#OrderTypes101

The term "order type" refers to the specific instructions a trader or investor gives when buying or selling an asset (like a stock, cryptocurrency, or commodity) on a trading platform or exchange. It defines how and when an order should be executed.

Common Order Types:

1. Market Order

Definition: Buy or sell immediately at the best available price.

Use case: When speed is more important than price.

2. Limit Order

Definition: Buy or sell at a specific price or better.

Use case: When you want to control the price at which the order is executed.

Example: Buy at $100 or less; sell at $110 or more.

3. Stop Order (Stop-Loss Order)

Definition: Becomes a market order once a certain price is reached.

Use case: To limit losses or protect profits.
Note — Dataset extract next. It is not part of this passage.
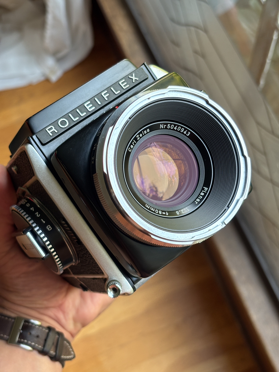 1. Rolleiflex SL66 kit, including camera + 80mm 2.8 lens + lens hood + film back + yellow + orange + R1.5 filters + additional film back. The kit was overhauled by Harry Fleenor about a couple of years ago ($700 overhaul cost), and it works perfectly. In addition to the photos included, other than the inevitable fact of life that dust is, the lens looks very clear when held against a window. The original focusing screen has a few scratches, but it's perfectly usable. I have a spare Magicflex screen I can include for free as well. Asking $1100 for the whole kit net to me. I'll cover shipping to the US or Canada.

Example: Sell if price drops to $95.

4. Stop-Limit Order

Definition: Becomes a limit order once a stop price is triggered.

Use case: Combines the stop and limit features for more control.

5. Trailing Stop Order

Definition: Stop price moves with the market price at a set distance.
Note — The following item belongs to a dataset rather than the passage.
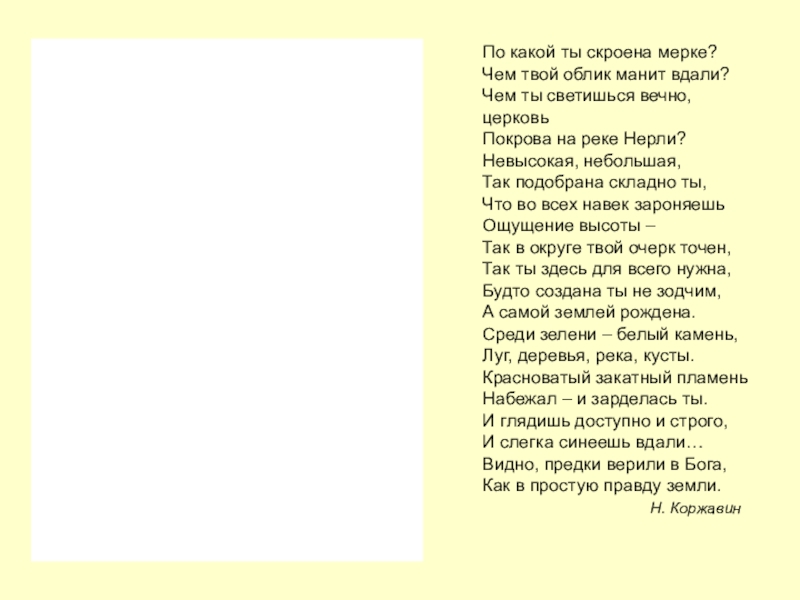 По какой ты скроена мерке?Чем твой облик манит вдали?Чем ты светишься вечно, церковьПокрова на реке Нерли?Невысокая, небольшая,Так

Use case: To lock in profits while allowing the trade to run.

6. Fill or Kill (FOK)

Definition: Must be filled completely and immediately, or canceled.

Use case: For large orders where partial fills are not acceptable.

7. Immediate or Cancel (IOC)

Definition: Fill as much as possible immediately, cancel the rest.

8. Good 'Til Canceled (GTC)

Definition: Stays open until it's filled or canceled manually.

9. Day Order

Definition: Expires if not executed by the end of the trading day.